Thursday, October 25, 2012

Interview with Paula Fredriksen (Part II)


Part I of my interview is here. I started by asking Prof. Fredriksen about her book Augustine and the Jews.

ACLD: Augustine (like many others) seems to have continued the line of Christian supersessionism that he inherited. Do you think that this line was a misappropriation of Jesus’ apocalyptic urgency? I.e. was Jesus’ message of good news for insiders/bad news for outsiders the root of the problem?

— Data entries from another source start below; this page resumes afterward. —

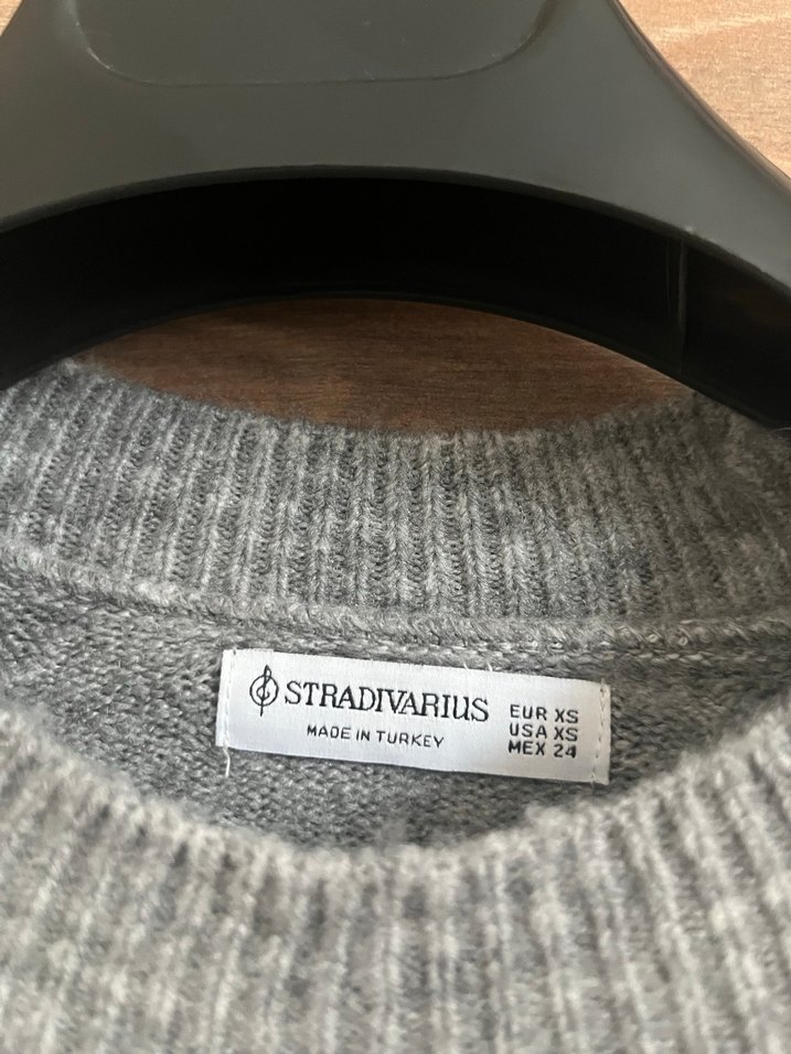 Stradivarius markalı, gri renkli, yün örme kumaştan yapılmış, bisiklet yaka ve uzun kollu, midi boy, dar kesim kadın kazak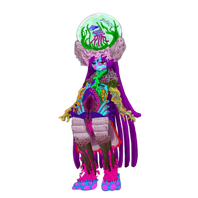 地上侵略ユニットを装着したクラゲの女の子のイラストです⭐︎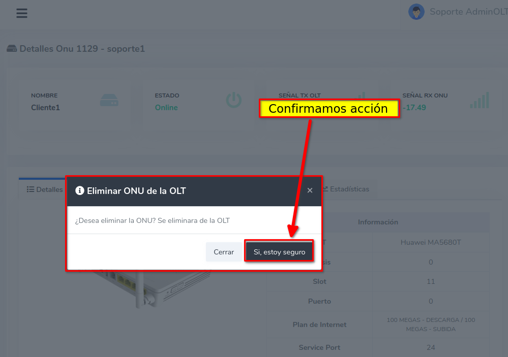 3 Confirmamos la acción de eliminar la ONU de AdminOLT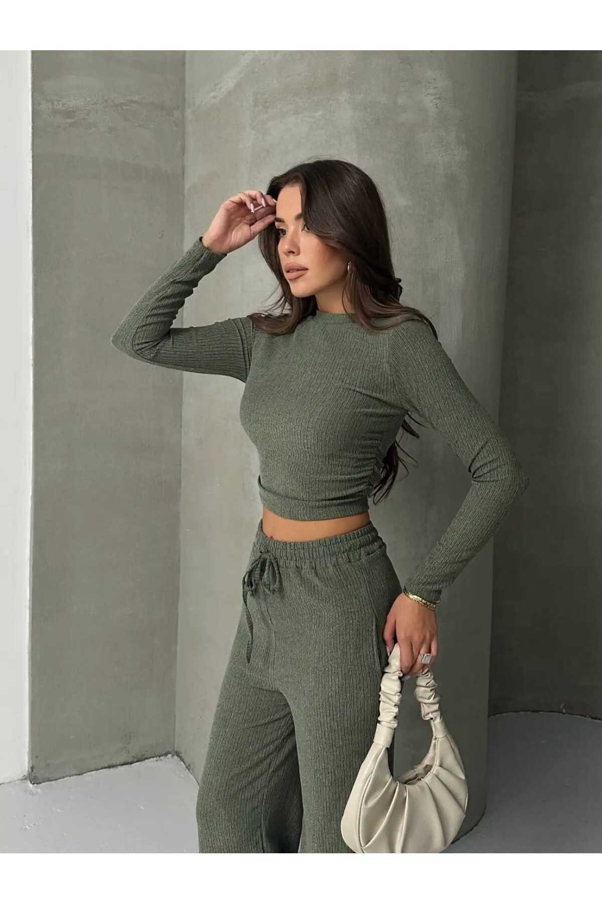 Kadın Uzun Kollu Crop ve Bol Paça Pantolon Takım Kadın Uzun Kollu Crop ve Bol Paça Pantolon Takım 4070 XL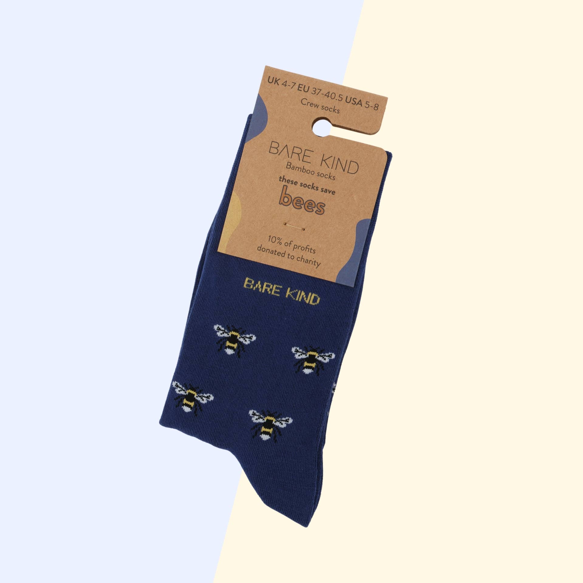 These Socks Save Bees with 10% of profits donated to the Bumblebee Conservation Trust Our socks are: * Thermoregulating (cool in summer, warm in winter) * Sweat-proof (moisture-wicking & anti-bacterial) * Softer than cotton * Wash cold for the environment * OEKO-Tex Certified * SEDEX Audited * 100% Recyclable packaging Bare Kind was founded by Lucy in 2018 to save endangered animals worldwide through partnerships with Charities. These gender neutral socks are loved by all.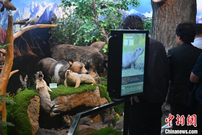 6月16日,在位于甘肅省張掖市肅南裕固族自治縣的祁連山國家公園自然博物館內,游人參觀喜馬拉雅旱獺標本。中新社記者 李亞龍 攝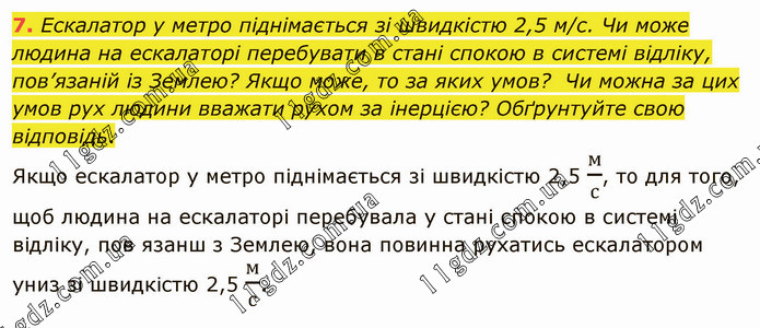 Ескалатор у метро піднімається зі швидкістю 2,5 м/с. Чи може людина на ескалаторі перебувати в стані спокою в системі відліку, пов’язаній із Землею? Якщо може, то за яких умов? Чи можна за цих умов рух людини вважати рухом за інерцією? Обґрунтуйте свою відповідь.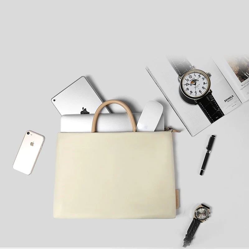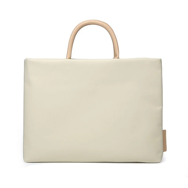 - Le sac d’ordinateur est en nylon de qualité, de couleur beige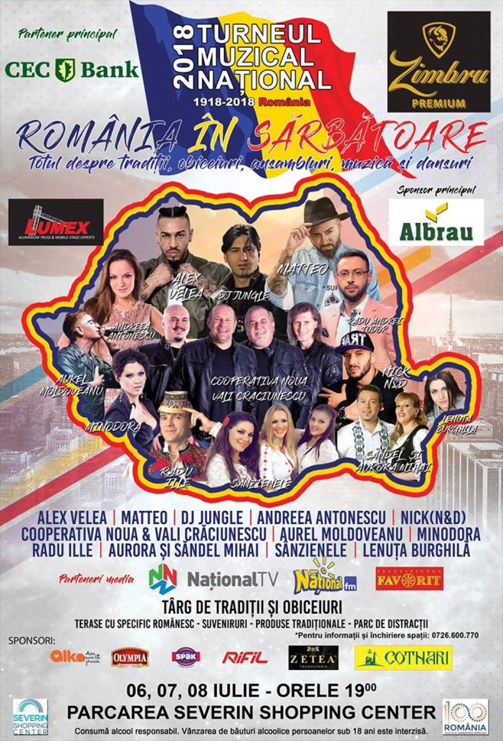Ne vedem în 06, 07, 08 Iulie 2018 în Drobeta Turnu Severin (Parcarea Severin Shopping Center), la cel mai mare turneu muzical din România, dedicat sărbătoririi a 100 de ani de la Marea Unire – „România în sărbătoare 2018”.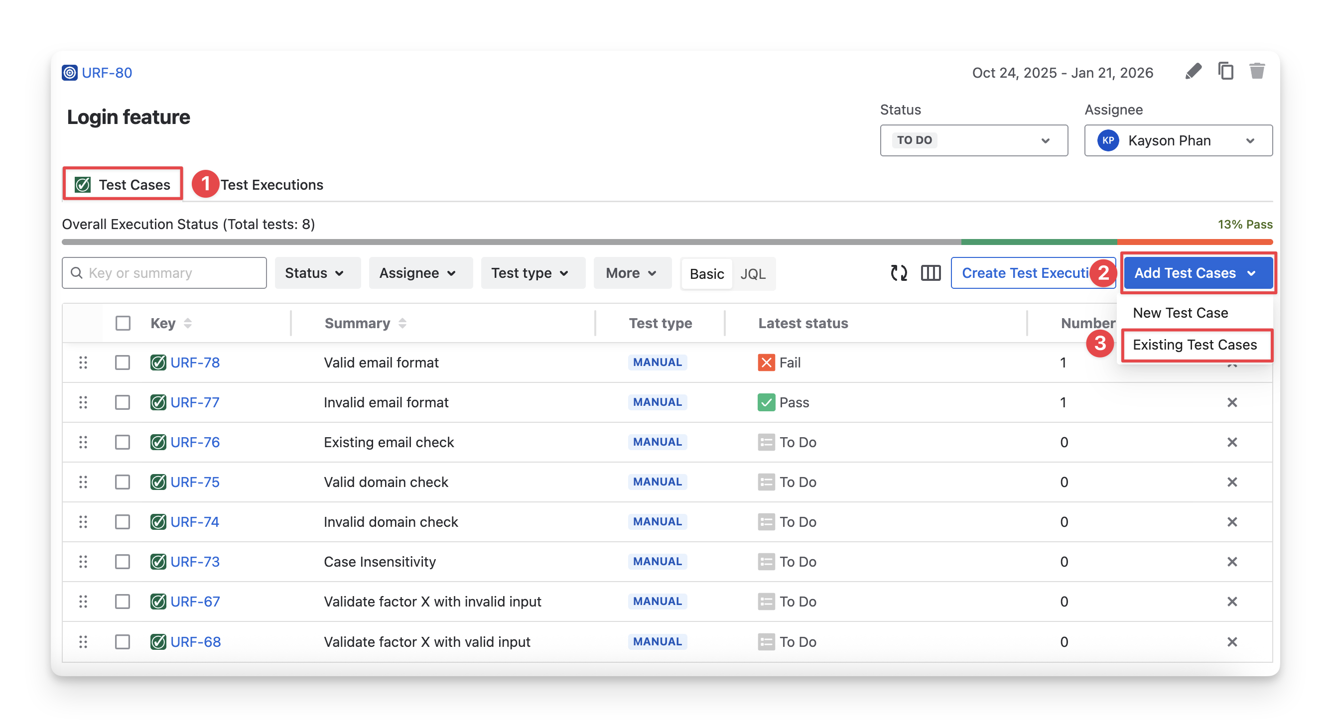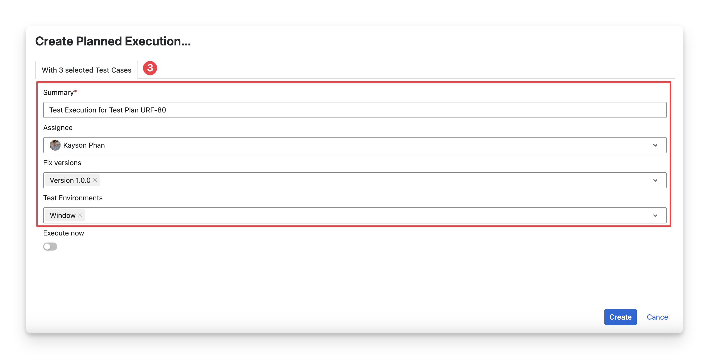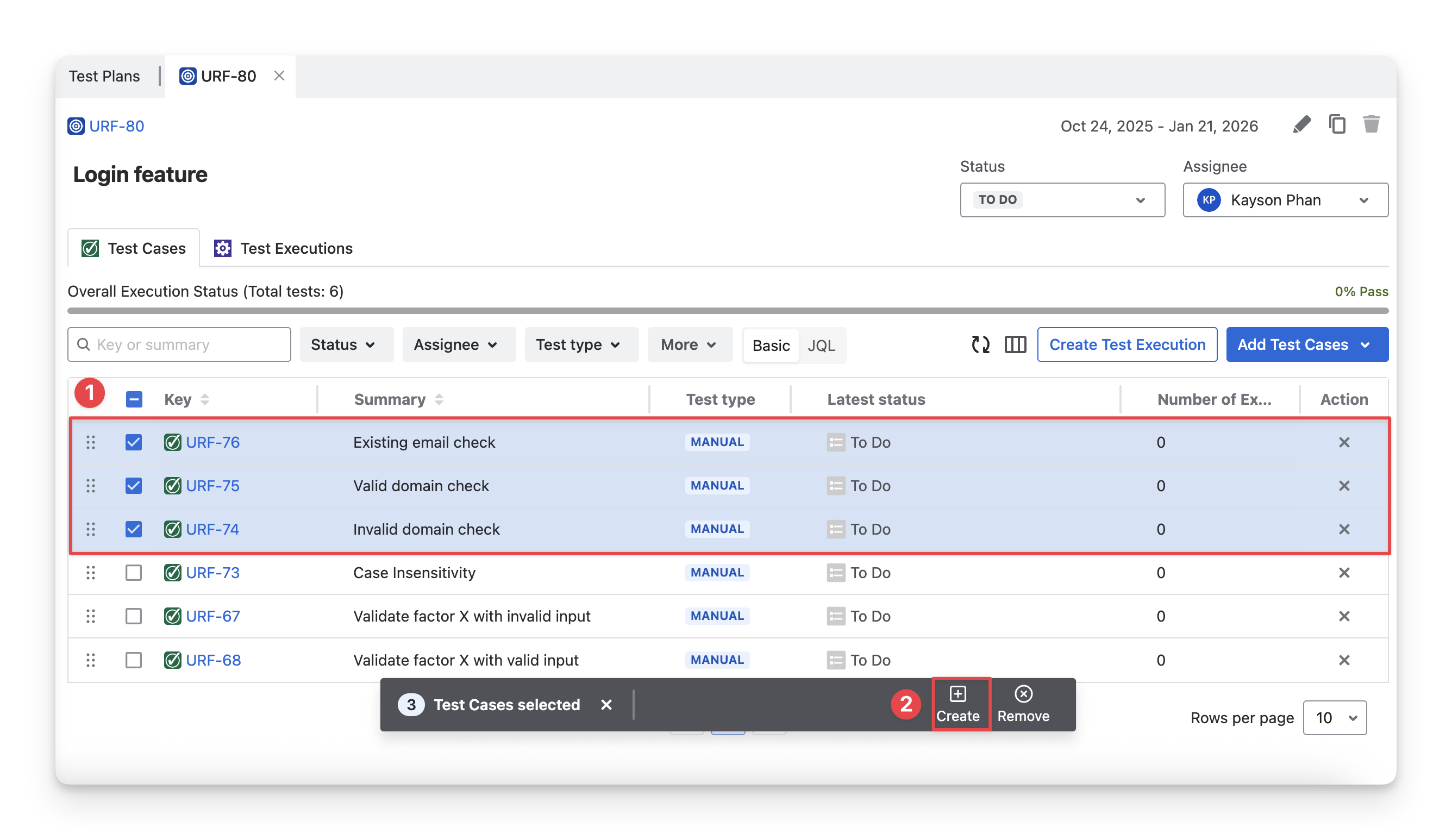 Once you have finished adding all the essential test cases, you can create test executions from these test cases to prepare for your test run. Here's how: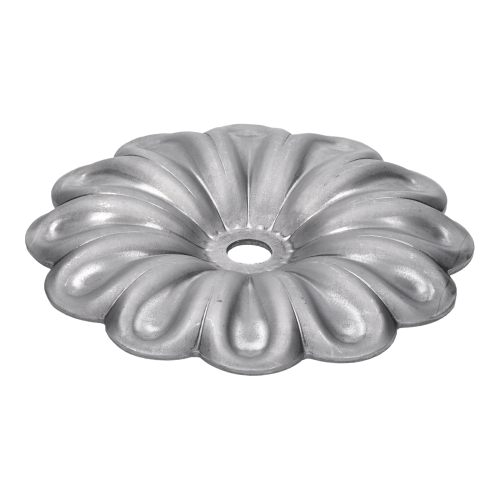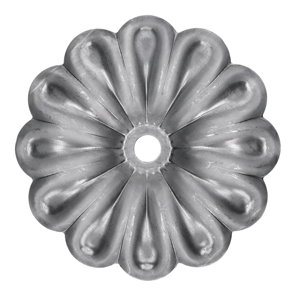 5-012 - kovaný polotovar - dekorace s motivem květu, ø 120 mm, otvor ø 12 mm, tl. 2 mm.

PF: Gentile Christian supersessionism is a product of internal Christian arguments in the late first/early second century. Paul was not a Christian. He was an apocalyptic Jewish visionary who was convinced that he was right about who the messiah was, and about what time it was on God's clock: mostly he argues with or against other Christ-following Jews. Once the ethnic context of the readership of hellenistic Jewish texts (LXX, and the texts that will later make up the NT) shifts, their intra-Jewish arguments become anti-Jewish arguments. Jesus' apocalyptic urgency — again, about what time it was on God's clock — is not a first-order cause of any of this.

1 comment:

  1. Isn't there a lot of biblical evidence that Paul was so highly hellenized, as a Roman citizen in one account, and constant advocate of "Greeks" by all accounts, that most Jews would not have considered him a Jew at all? Which is why he is arrested, and presumably executed.

    Indeed, if Paul tried to appear Jewish at all,isn't there the possiblity that it was the same kind of effort as Augustine defending Jusaism? In part as really, a defense of Christianity; as consistently true to OT/"Jewish" traditions? Here Augustine and Paul are not really defending Judaism; but are ironically defending Christianity.